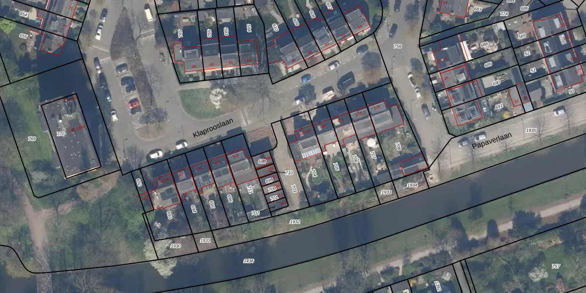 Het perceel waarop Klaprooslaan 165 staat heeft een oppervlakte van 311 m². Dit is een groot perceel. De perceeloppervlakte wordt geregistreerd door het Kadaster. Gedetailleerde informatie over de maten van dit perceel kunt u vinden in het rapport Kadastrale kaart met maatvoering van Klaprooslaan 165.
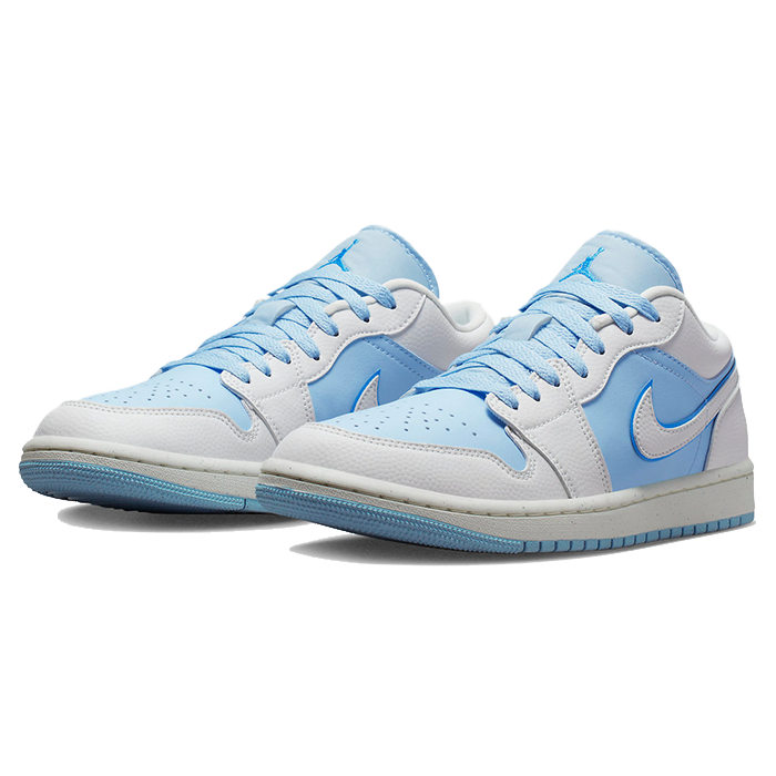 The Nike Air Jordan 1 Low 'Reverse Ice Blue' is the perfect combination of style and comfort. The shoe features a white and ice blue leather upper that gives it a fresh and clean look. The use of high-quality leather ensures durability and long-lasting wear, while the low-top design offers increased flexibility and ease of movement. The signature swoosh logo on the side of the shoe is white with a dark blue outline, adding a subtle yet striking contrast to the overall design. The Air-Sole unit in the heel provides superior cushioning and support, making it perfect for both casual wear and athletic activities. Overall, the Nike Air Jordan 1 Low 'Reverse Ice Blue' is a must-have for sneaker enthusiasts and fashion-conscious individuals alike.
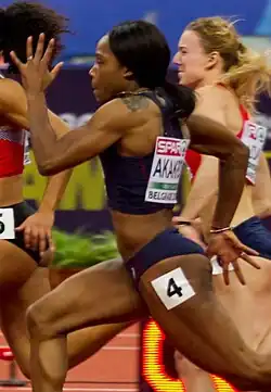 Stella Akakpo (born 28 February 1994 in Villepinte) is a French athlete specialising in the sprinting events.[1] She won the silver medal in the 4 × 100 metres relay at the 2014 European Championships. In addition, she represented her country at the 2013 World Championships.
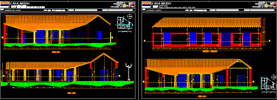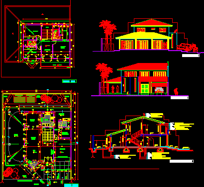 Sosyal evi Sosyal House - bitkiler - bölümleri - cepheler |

————————

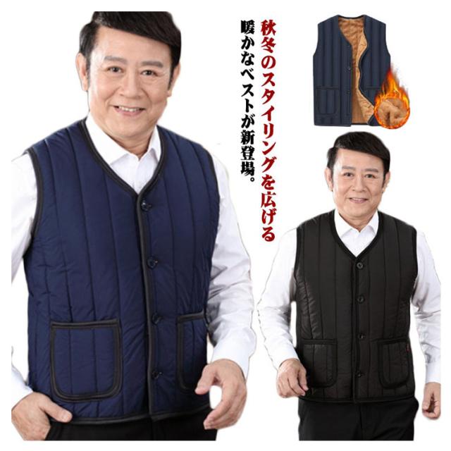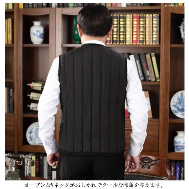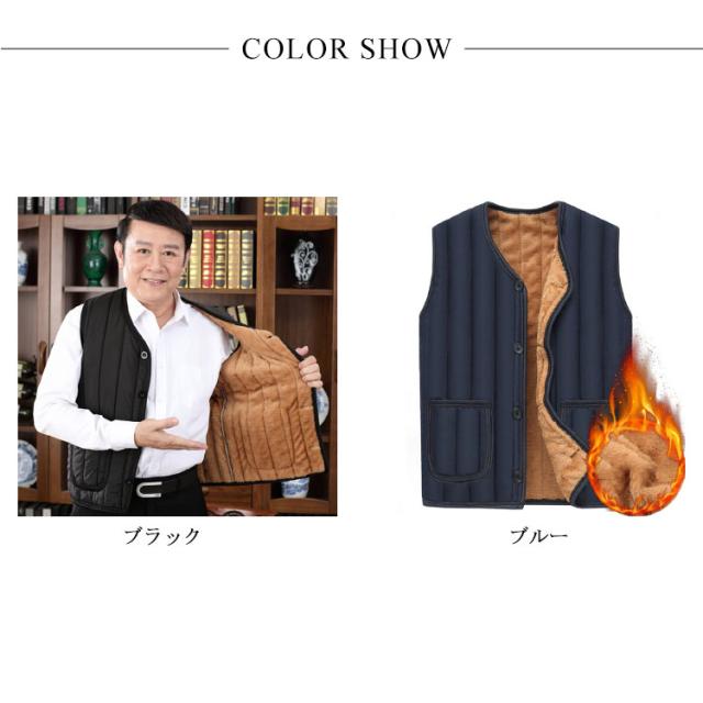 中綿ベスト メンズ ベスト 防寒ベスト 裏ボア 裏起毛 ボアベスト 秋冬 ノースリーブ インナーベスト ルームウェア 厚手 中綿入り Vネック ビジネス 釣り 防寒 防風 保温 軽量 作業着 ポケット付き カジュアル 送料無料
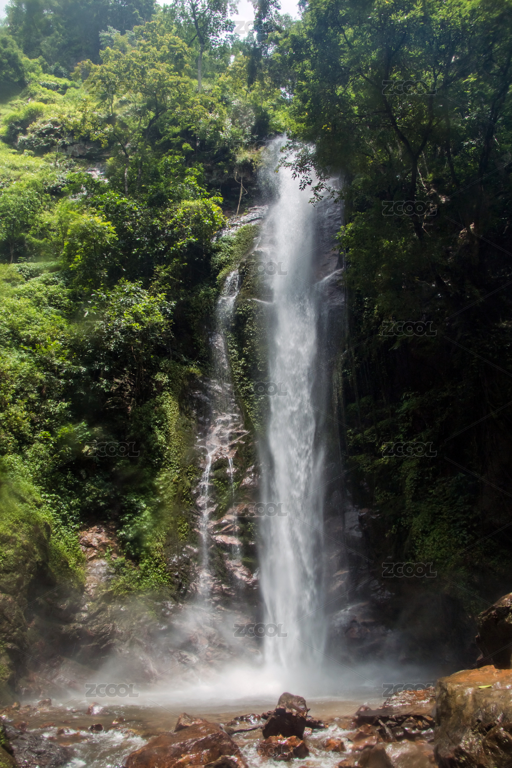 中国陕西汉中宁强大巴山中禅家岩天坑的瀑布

————————

:: What you should do ::
Within these entries, output exactly the lines starting at the one with "Stella Akakpo (born" and finishing at the one with "Sosyal evi Sosyal". Leave pictures out of the output.

:: Result of this task ::
 Stella Akakpo (born 28 February 1994 in Villepinte) is a French athlete specialising in the sprinting events.[1] She won the silver medal in the 4 × 100 metres relay at the 2014 European Championships. In addition, she represented her country at the 2013 World Championships.
 Sosyal evi Sosyal House - bitkiler - bölümleri - cepheler |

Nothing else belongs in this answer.